Wikipedia operates in good faith — unlike its critics

Wikipedia operates in good faith — unlike its critics

Renée DiResta writes:

Late last month, Elon Musk launched Grokipedia, an AI-generated encyclopedia with 855,279 articles, no human editors, and no way for users to request improvements beyond a suggestion box addressed to its eponymous chatbot author. The tech entrepreneur is eager, he has said, to “purge out the propaganda” that he argues afflicts Wikipedia, the venerable user-generated reference source. But some Grokipedia articles are near replicas of Wikipedia entries. Other articles in the new source seem conspicuously sanitized: The article about the U.S. government’s now-defunct foreign-aid agency fails to mention Musk, who boasted about his role in “feeding USAID into the wood chipper.”

The articles on Grokipedia are produced by Grok, Musk’s AI model, and they are roughly what you’d expect from replacing a dedicated community of human volunteer creators and editors with a chatbot. It confuses large-scale information retrieval for knowledge, and automation for neutrality.

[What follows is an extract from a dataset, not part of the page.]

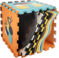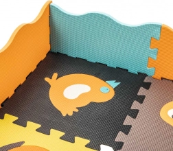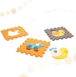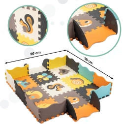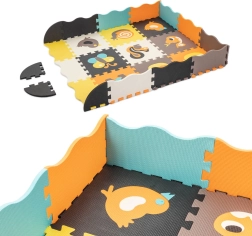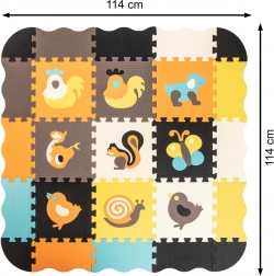Ta duża piankowa mata składa się z 25 części (9 głównych elementów z wyjmowanymi zwierzątkami i 16 ramek brzegowych). Dzięki wyraźniejszej fakturze powierzchni oraz kontrastowym kolorom naturalnie stymuluje wzrok i dotyk. Miękka pianka EVA amortyzuje upadki przy pierwszych krokach i chroni przed chłodem od podłogi.

Yet Musk’s AI encyclopedia is also part of something broader: an escalating campaign to discredit Wikipedia and reshape what counts as a reliable source of basic information in the age of AI. Whatever the potential flaws of a crowdsourced reference site, many users often find Wikipedia more convenient, comprehensive, and reliable than any alternative. In a typical month, more than a billion people consult it. Over the past decade, Wikipedia has also become essential information infrastructure. It shapes what AI systems learn and what chatbots say. It’s used to provide context for YouTube videos, and influences what AI-powered answer engines present as truth. Control what Wikipedia considers reliable, and you control what machines—and then people—learn about the world.

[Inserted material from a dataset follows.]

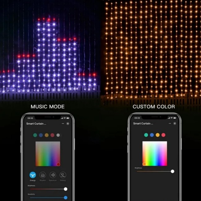 The size of a single curtain light: 6.56×6.56 ft, up to 3 sets of lights of the same specification flashing curtain lights are connected in series, DIY into a larger pattern or text scene, which can be used directly to become a larger scene and the like replace. At the same time, the pattern colour of the lights can flash with the music rhythm of the app, creating a romantic, warm and sweet atmosphere for your festivals, weddings, parties and Christmas gatherings.

This is why Republicans in Congress have recently begun sending letters that accuse the nonprofit Wikimedia Foundation, which operates the encyclopedia, of ideological bias and demand the names of certain volunteer arbitrators who help address factual disagreements. It’s also why some of the most powerful people in the world are demanding “reforms” to Wikipedia—or launching their own copycats. [Continue reading…]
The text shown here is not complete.